## Activity
Only the lines from the one containing "格子外套少女春秋装2021初中高中学生韩版宽松拼色..." through the end of the entries are wanted, retyped exactly and without pictures.

Data records: Begin

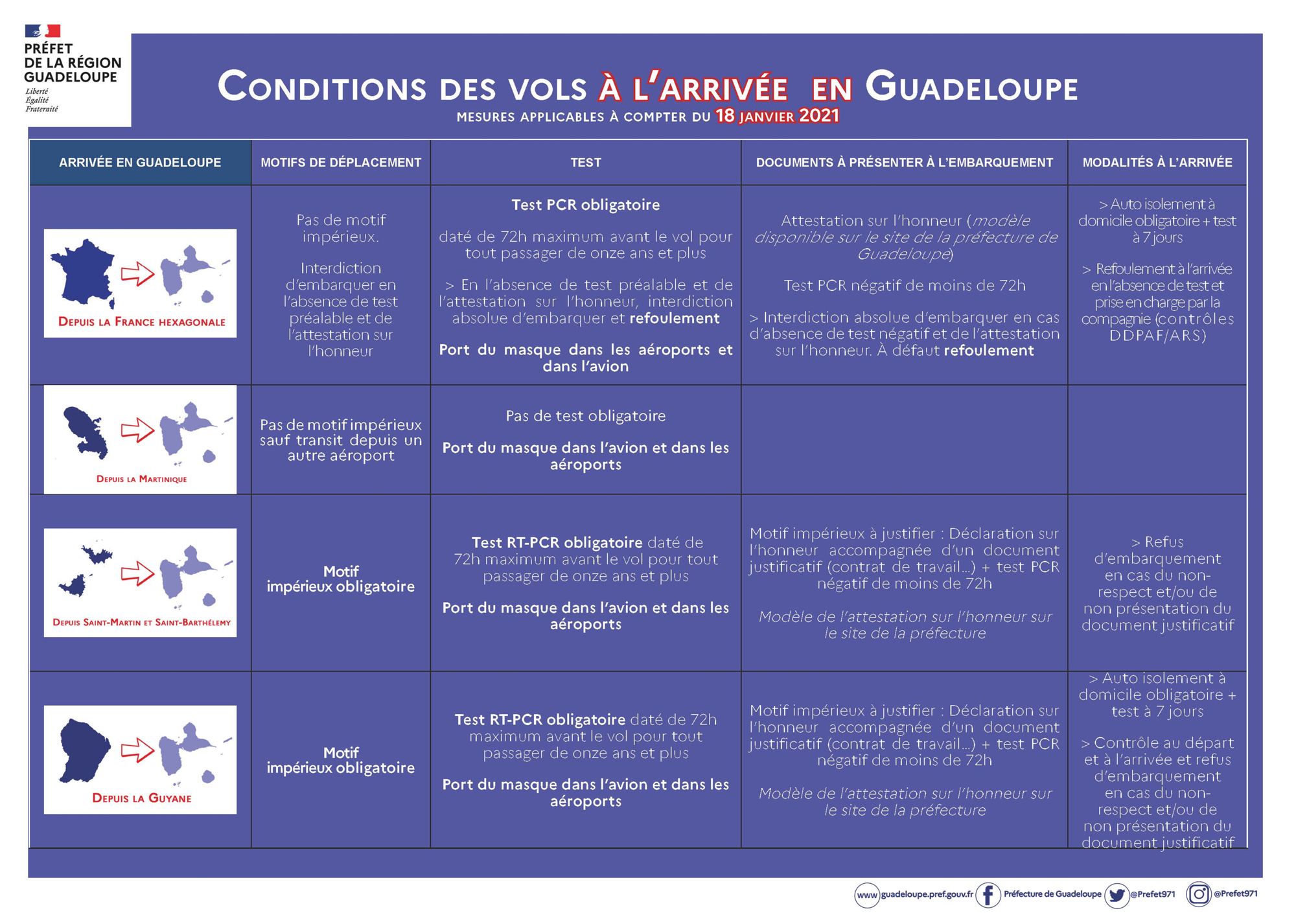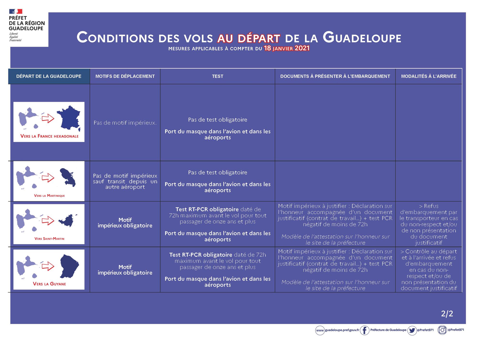 - Par ailleurs, les déplacements de personnes en provenance ou en direction de Saint-Martin,de Saint-Barthélemy, de la Guyane sont interdits sauf s’ils sont fondés sur un motif impérieux d’ordre personnel ou familial, un motif de santé relevant de l’urgence ou un motif professionnel ne pouvant être différé.
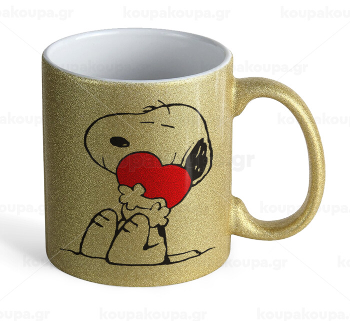 Snoopy, Κούπα Χρυσή Glitter που γυαλίζει, κεραμική, 330ml
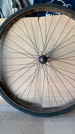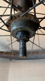 Come da foto vendo coppia ruote R 28 , molto vecchie ma ancora recuperabili, mozzo posteriore con ingrassatore ma con perno da sostituire perché rovinata la filettatura, mozzo anteriore marchiata bianchi corsivo.
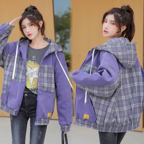 格子外套少女春秋装2021初中高中学生韩版宽松拼色...
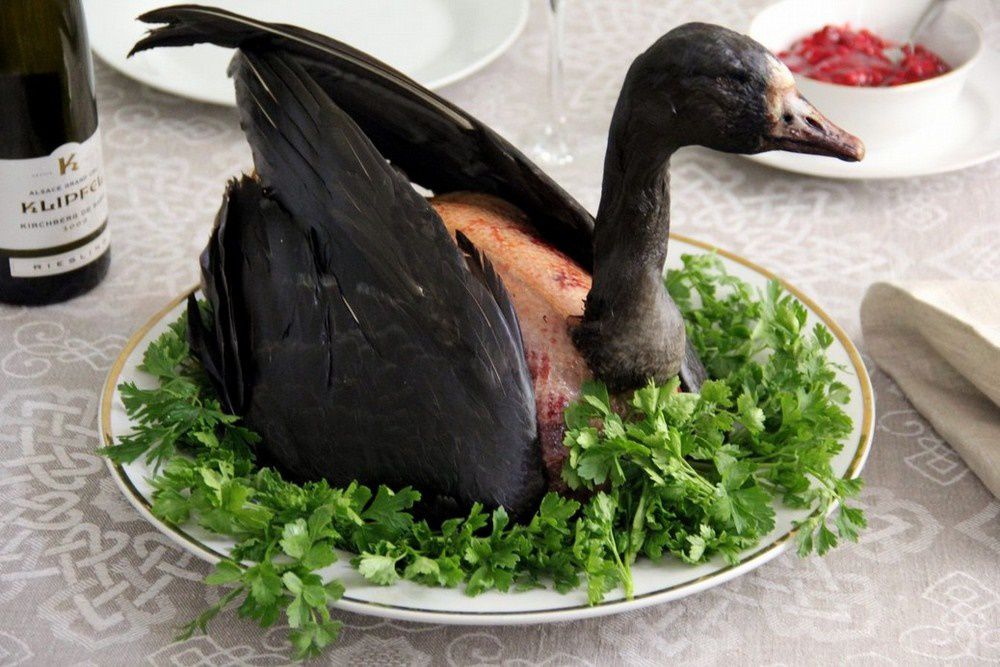 ГУСЬ БЕЛОЛОБЫЙ, ФАРШИРОВАННЫЙ ЛЕСНЫМИ ОРЕХАМИ И БРУСНИКОЙ

Data records: End

## Output of the exercise
 格子外套少女春秋装2021初中高中学生韩版宽松拼色...
 ГУСЬ БЕЛОЛОБЫЙ, ФАРШИРОВАННЫЙ ЛЕСНЫМИ ОРЕХАМИ И БРУСНИКОЙ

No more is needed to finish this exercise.